First, the size. The Rollbahn Spiral Mini (RSM) slips into every blazer or jacket pocket without fail. I travel without a bag all the time to work, and never leave home without the RSM in my pocket. (In the colder months, with a more structured coat, I’ve also been known to leave my laptop at home and just take this foldable bluetooth keyboard and my phone.)
Second, the notebookness. The RSM is spiral bound, which means it lays flat on the surface you’re writing on and creates a sheath for a pen. And not just any pen. Bar pens – the thin, twisty-top ones with the clip—slip perfectly into the RSM spiral.
(A note on the above: Moleskine people do that thing where they close the book over the pen it’s bound in place by the elastic loop. This is not what the pen wants, not what the elastic is for, and a quick way to bend a notebook.)

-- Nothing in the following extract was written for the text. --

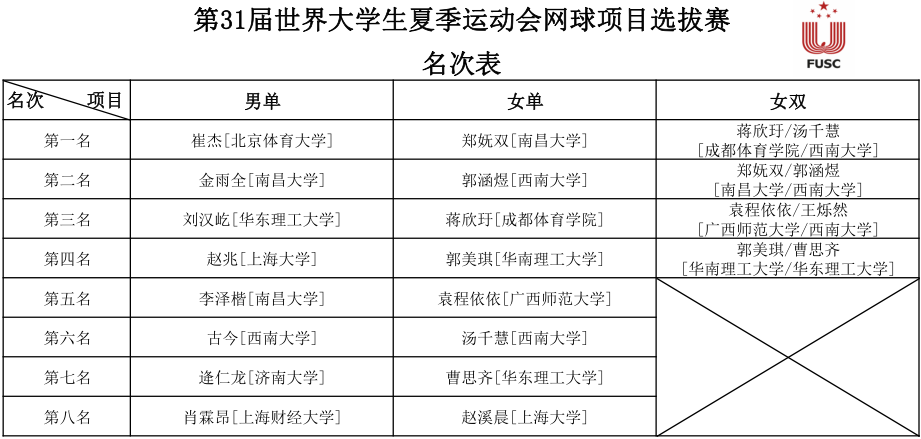经过3天98场比赛的激烈角逐,4月19日下午,第31届世界大学生夏季运动会网球项目选拔赛在衡阳博雅国际网球中心落幕。根据赛事规则,获得男子单打前六名、女子双打冠军、女子单打前四名的运动员将入选中国大学生网球队大名单。西南大学网球代表队郭涵煜、汤千慧和古今等3人入选,入选人数与南昌大学并列第一。

The page and paper quality of these books is also unmatched. Unlike the larger formats of Rollbahn’s spiral bound series, like the popular A5 notebook size, the mini doesn’t have perforated lines to tear out the pages from the book evenly. While one may think that this makes the notebook less useful, consider this: how many times do you use ripped-out notebook paper for a document so precious that it needs a perfect edge? Also, how many times have you been writing close to the middle margin when the point of your pen or pencil has punctured that perforated line? Lastly, I always opt for the grid-lined notebook, as opposed to college ruled or blank, because I’m all about structure when I’m taking down notes.
The main issue with this size of Rollbahn is that they can be hard to find. Even your more posh stationary stores don’t have them sometimes. That’s why when I buy them, I usually take home about a dozen of them. Luckily, Archer Paper now sells them for a steal. I, for one, am stocking up.